(Sturctural) Racism and Moral Voices
Jul. 21st, 2006 07:45 pm![[personal profile]](https://www.dreamwidth.org/img/silk/identity/user.png)
International Blog Against Racism Week is coming to a close. I like to think that every week is International Blog Against Sexism week in my journal, but race doesn't get mentioned all that often. I can't post with any particularly appropriate icons, for all the eight people who appear in my six icons are all white. While I think we are agreed that's deeply problematic, it is not as if going and getting an icon of a character I don't really like would solve anything. The issue is deeper, systemic, and blaming the individual never solves anything. (Not that I should be absolved of responsibility, either.) Changing my icons won't change anything; changing whatever made me not as interested in the non-white characters will, alongside an honest attempt to understand and appreciate the characters I might not "get."
(Honestly, this is how I see affirmative action most of the time. I don't oppose it anymore, because I think the restrictions on it by the Supreme Court are extremely fair, but I don't see it working particularly well, either.)

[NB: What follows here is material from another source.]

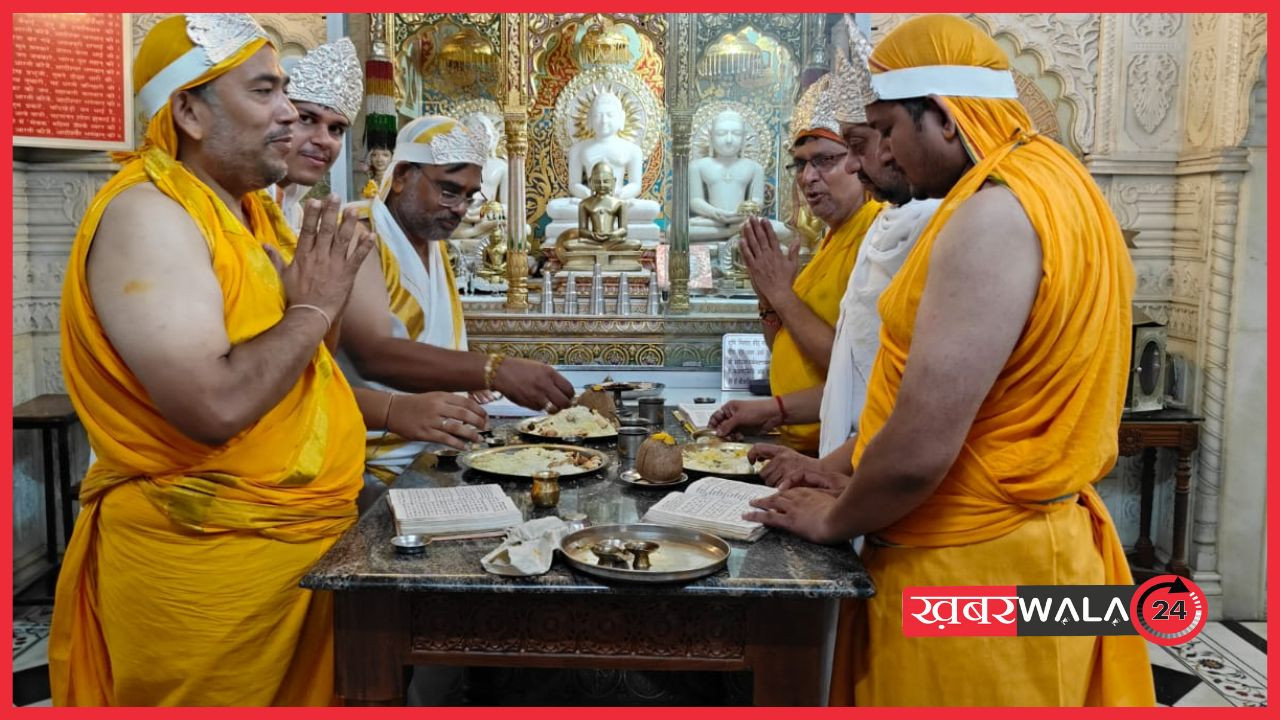 Khabarwala24 News Hapur: (तुषार जैन) हापुड़ के श्री 1008 आदिनाथ दिगंबर जैन मंदिर, कसेरठ बाजार में पर्व राज दशलक्षण पर्व के शुभ अवसर पर भव्य धार्मिक आयोजन संपन्न हुआ। सांगानेर से पधारे विद्वान रोहित जैन शास्त्री जी के सान्निध्य में संगीत की मधुर ध्वनि के साथ यह कार्यक्रम आयोजित किया गया। इस अवसर पर प्रातःकाल से मंदिर में अभिषेक, शांति धारा, पूजा और अर्चना के विधान हुए, जिसमें बड़ी संख्या में श्रद्धालुओं ने उत्साहपूर्वक भाग लिया। आयोजन का संचालन श्री नरेंद्र संदीप जैन, आदि जैन और राहुल काव्य जैन ने किया।

The closest character to a character of color whom I really loved is Kennedy, and she (and/or Iyari?) passed for white to me for the entire time I watched the show. I even sort of remember the "Really? Hmm" moment when I learned that Iyari Limon was Latina--and of course there are photo shoots of her that I've seen since which really accentuate it.(And there was a really great post about that and how problematic it is on my flist a couple days ago. Let me finish my thought and I'll hunt down the link.) Class issues intersect here--it was clearly established that Kennedy was at least upper-middle class, with a vacation house on Long Island, and there seems to be a weird (or not-so-weird, really, when one thinks about it) way that "upward" mobility requires a much greater enculturation in white culture (i.e., patriarchal hegemony) so that we would expect an upper-class Latina to pass for white better than a lower-class one.
Part of it is to whom I'm attracted; with the exception of the Mesektet/Dark Champions icon, all of my icons contain at least one character to whom I'm attracted. Why do I tend not to be attracted to people who are non-white (and when I do find such a person attractive, it is typically on "white" standards of beauty)? Well, "socialization" is the easy and obvious answer there, but I think the damage has been pretty much done by this point. Any suggestions as to how I can save future generations from this? (Of course, any evaluation of a person based on appearance is problematic from a feminist viewpoint, but it is not a practice from which we can very easily escape.)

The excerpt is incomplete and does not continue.